======== Material provided

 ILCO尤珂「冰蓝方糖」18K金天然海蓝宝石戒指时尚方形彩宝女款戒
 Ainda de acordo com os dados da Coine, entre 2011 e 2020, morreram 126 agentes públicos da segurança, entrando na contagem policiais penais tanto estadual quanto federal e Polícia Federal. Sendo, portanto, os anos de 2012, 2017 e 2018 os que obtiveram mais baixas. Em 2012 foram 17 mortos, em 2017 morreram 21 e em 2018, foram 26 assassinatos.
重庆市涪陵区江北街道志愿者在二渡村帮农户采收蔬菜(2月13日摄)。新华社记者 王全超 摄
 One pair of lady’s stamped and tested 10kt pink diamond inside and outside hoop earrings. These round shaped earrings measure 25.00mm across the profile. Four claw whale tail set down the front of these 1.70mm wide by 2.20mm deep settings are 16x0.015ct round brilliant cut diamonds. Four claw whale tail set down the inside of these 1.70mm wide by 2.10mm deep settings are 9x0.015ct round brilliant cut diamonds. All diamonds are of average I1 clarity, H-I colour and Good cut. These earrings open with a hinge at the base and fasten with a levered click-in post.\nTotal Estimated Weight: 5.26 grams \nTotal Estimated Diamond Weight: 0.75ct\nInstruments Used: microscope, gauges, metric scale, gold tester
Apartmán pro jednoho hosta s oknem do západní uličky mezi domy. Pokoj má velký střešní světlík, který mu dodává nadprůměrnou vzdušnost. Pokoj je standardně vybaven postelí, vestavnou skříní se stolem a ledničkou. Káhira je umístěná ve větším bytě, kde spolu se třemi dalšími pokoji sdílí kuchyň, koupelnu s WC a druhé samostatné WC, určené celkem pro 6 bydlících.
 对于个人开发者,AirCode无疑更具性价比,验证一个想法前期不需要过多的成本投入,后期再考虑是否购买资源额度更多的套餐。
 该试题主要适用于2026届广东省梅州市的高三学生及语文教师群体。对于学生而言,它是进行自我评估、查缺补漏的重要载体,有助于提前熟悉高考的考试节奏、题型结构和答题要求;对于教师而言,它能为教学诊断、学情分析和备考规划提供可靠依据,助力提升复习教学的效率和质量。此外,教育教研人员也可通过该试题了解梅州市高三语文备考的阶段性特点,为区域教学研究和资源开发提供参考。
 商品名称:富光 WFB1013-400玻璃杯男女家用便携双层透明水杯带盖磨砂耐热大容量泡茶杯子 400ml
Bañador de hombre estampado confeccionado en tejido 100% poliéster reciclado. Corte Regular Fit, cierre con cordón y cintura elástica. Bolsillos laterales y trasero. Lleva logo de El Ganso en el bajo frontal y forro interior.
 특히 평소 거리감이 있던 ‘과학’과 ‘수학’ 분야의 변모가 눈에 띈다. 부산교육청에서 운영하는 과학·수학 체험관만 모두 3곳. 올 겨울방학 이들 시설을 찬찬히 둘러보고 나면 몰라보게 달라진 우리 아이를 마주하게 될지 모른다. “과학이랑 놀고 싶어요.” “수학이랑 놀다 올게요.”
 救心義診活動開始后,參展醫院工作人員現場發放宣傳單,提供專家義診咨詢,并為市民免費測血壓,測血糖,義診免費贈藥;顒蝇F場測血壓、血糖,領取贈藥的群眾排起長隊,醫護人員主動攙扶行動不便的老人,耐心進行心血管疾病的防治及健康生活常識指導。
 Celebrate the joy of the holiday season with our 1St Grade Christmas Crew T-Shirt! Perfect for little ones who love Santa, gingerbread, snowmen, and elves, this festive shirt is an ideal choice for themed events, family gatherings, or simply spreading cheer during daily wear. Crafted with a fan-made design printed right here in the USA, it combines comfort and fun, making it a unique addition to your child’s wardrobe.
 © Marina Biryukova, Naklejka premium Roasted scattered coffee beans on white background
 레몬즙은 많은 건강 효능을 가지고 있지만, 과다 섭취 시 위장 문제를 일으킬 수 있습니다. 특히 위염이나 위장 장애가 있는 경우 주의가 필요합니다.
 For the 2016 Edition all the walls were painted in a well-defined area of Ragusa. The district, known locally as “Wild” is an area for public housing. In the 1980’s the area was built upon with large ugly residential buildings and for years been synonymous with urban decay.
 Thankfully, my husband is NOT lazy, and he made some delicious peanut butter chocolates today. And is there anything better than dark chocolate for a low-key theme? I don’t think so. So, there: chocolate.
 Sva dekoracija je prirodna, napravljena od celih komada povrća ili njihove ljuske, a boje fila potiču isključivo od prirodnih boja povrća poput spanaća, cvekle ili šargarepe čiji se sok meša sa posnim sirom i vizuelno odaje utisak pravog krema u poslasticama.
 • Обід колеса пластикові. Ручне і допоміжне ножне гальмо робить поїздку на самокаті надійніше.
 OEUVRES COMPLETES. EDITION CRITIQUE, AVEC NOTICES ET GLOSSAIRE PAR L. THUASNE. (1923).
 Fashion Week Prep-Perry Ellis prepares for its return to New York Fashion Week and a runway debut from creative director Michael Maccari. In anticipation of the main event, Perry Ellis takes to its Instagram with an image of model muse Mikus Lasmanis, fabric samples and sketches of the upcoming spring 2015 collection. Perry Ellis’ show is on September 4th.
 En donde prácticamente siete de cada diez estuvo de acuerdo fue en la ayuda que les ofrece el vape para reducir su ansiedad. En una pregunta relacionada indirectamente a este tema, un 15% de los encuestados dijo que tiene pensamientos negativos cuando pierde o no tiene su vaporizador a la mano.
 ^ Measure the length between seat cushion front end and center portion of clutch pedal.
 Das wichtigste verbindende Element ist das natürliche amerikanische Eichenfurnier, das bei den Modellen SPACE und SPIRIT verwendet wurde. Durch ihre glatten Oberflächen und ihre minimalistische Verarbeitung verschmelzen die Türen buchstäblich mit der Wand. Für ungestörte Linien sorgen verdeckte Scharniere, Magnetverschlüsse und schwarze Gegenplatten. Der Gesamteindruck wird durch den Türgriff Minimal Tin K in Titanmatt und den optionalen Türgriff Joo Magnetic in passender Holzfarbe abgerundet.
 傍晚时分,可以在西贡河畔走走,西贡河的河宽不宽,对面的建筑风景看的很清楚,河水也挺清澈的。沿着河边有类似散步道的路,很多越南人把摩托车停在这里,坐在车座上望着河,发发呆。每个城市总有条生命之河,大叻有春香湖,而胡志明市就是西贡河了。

================

About this exercise:
Retype every line up to and including the one that contains "重庆市涪陵区江北街道志愿者在二渡村帮农户采收蔬菜(2月13日摄)。新华社记者 王全超 摄", beginning at the first line of the records, with no edits.

Solution to this problem:
 ILCO尤珂「冰蓝方糖」18K金天然海蓝宝石戒指时尚方形彩宝女款戒
 Ainda de acordo com os dados da Coine, entre 2011 e 2020, morreram 126 agentes públicos da segurança, entrando na contagem policiais penais tanto estadual quanto federal e Polícia Federal. Sendo, portanto, os anos de 2012, 2017 e 2018 os que obtiveram mais baixas. Em 2012 foram 17 mortos, em 2017 morreram 21 e em 2018, foram 26 assassinatos.
重庆市涪陵区江北街道志愿者在二渡村帮农户采收蔬菜(2月13日摄)。新华社记者 王全超 摄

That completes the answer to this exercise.